For the case where A is shorter than B output, sign or zero extension is required. Here we assume A is 8 bits, B is 16. This is similar to the parallel case except A is repeated (broadcast) across all of B.
partition | o3 | o2 | o1 | o0 |
---|---|---|---|---|
000 | [A7A7A7A7] | [A7A7A7A7] | A7A6A5A4 | A3A2A1A0 |
001 | [A7A7A7A7] | A7A6A5A4 | A3A2A1A0 | A3A2A1A0 |
010 | A7A6A5A4 | A3A2A1A0 | A7A6A5A4 | A3A2A1A0 |
011 | A7A6A5A4 | A3A2A1A0 | A3A2A1A0 | A3A2A1A0 |
100 | A3A2A1A0 | [A7A7A7A7] | A7A6A5A4 | A3A2A1A0 |
101 | A3A2A1A0 | A7A6A5A4 | A3A2A1A0 | A3A2A1A0 |
110 | A3A2A1A0 | A3A2A1A0 | A7A6A5A4 | A3A2A1A0 |
111 | A3A2A1A0 | A3A2A1A0 | A3A2A1A0 | A3A2A1A0 |
Note how when the entire partition set is open (1x 16-bit output) that all of A is copied out, and either zero or sign extended in the top half of the output. At the other extreme is the 4x 4-bit output partitions, which have four copies of A, truncated from the first 4 bits of A.
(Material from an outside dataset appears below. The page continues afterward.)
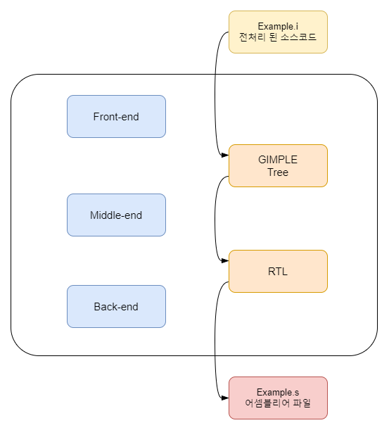 프론트엔드에 의해 GIMPLE의 대상이 정해지고, 미들엔드에 의해 최적화된 명령형 프로그래밍 구조의 하위 집합만을 포함하게 됨

Unlike the parallel case, A is not itself partitioned, so is copied
over as much as is possible. In some cases such as 1x 4-bit, 1x 12-bit
(partition mask = 0b100
, above) when copying the 8-bit scalar source
into the highest part of B (o3) it is truncated to 4 bis (because
each partition of B is only 4 bits) but for copying to the 12-bit partition
(o2-o1-00) the 8-bit scalar source, A, will need sign or zero extending.